The CPC Regulation does not change any substantive consumer law as it applies to organisations, nor does it address how national authorities should actually go about enforcing that consumer law. Rather, the CPC Regulation sets out the enforcement measures that national authorities can take, ranging from the increased powers referenced above, to “the power to adopt interim measures”, to the power toimpose penalties, such as fines or periodic penalty payments. Unlike the General Data Protection Regulation (“GDPR”) in effect from May 2018, the CPC Regulation is not prescriptive as to how extensive any fines may be.
The CPC Regulation goes so far as to say that a national authority must take enforcement measures to bring about the cessation of infringing activity when requested to do so by a national authority acting in accordance with the CPC Regulation. However, there is no prescription as to what that enforcement should actually look like, save that it should be necessary and proportionate. The CPC Regulation suggests that national authorities should seek remedial measures from traders in order to compensate consumers. Such remedies might include: repair, replacement, price reductions, the termination of contract or the reimbursement of the price paid for the goods or services; but, again, there is nothing prescriptive or concrete in terms of substantive measures that national authorities should take in specific scenarios.

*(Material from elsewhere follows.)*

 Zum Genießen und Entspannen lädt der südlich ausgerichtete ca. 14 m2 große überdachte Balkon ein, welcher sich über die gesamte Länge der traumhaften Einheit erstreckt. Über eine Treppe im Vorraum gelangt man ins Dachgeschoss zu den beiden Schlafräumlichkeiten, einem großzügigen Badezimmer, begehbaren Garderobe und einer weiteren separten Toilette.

Similarly, there is no mention of obligations on national authorities to take specific measures to improve or enhance their enforcement regimes. Rather, the CPC Regulation solely governs the relationship between Member States in working together to launch actions against organisations that infringe consumer law. In its Recitals, the CPC Regulation stresses the importance of national authorities having the means to effectively deal with consumer law infringement but places more emphasis on the need for the Commission and national authorities to communicate and cooperate in order to prevent large scale infringement, as opposed to a specific and stringent penalty regime, as is the case with the GDPR.

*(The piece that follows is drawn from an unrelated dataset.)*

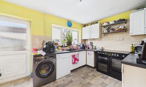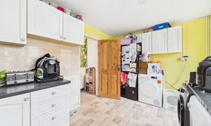 Window to rear, matching wall and base units with worktop over, inset 1.5 bowl sink unit with mixer tap over, tiled splash backs, space for electric cooker, washing machine, dishwasher, tumble dryer, and fridge / freezer, with door to under stairs storage cupboard, radiator, wood effect vinyl flooring, and further door to rear garden.

This lack of prescription indicates that while the EU has appeared to create a stronger web between national authorities and the Commission to cooperate in addressing large scale infringement of consumer law, it does not go as far as it might have done. There is no indication, for example, that competitors of traders can bring claims based on unfair terms, as is the case in Germany with regard to cease and desist claims, nor is there a new system of penalties and fines. As such, the risk and impact on actual traders may not be as drastic as might be expected. The EU is clearly aiming for a more effective and efficient system to deal with the infringement of its consumer law, but this (at least in the context of the CPC Regulation) appears to focus more heavily on communication between the Commission and national authorities, rather than imposing a more severe set of penalties and enforcement measures that national authorities should use to punish traders.

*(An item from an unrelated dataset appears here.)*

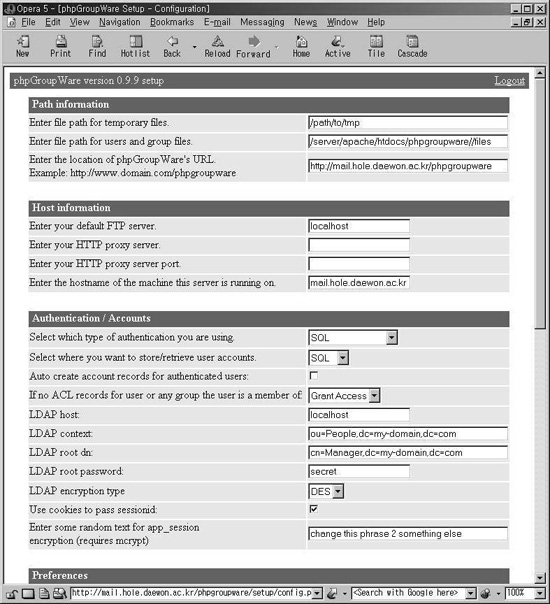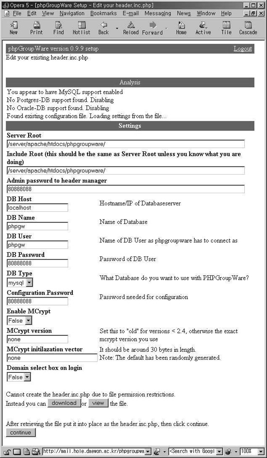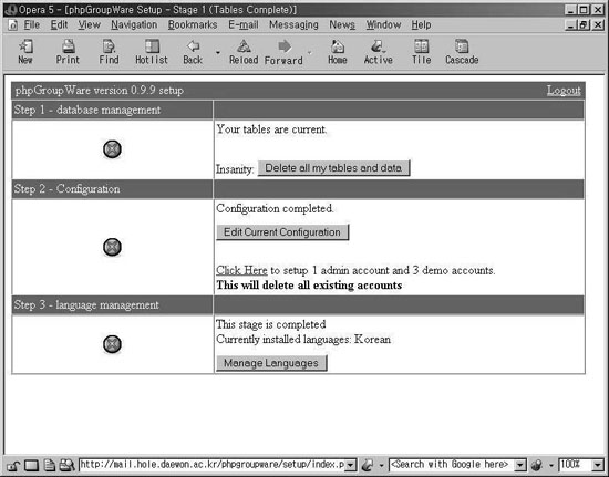 Áö±Ý ±îÁö PHPGroupWare ÀÇ È¯°æÀ» ¼³Á¤ÇÏ¿´´Ù.

WHAT SHOULD WE EXPECT IN 2018?
While the CPC Regulation was adopted in January 2018, its provisions will not actually apply until January 2020. Of course, it remains to be seen just how effective the Regulation is in curbing cross-border infringement of EU consumer law. Certainly, the development does not represent a vast change in compliance rules for organisations operating in the EU: it remains as important as ever for organisations to ensure that they do not fall foul of consumer legislation. Moreover, while national authorities do have some increased powers under the CPC Regulation, there is no indication that the new legislation will bring with it draconian fines or extremely harsh penalty regimes.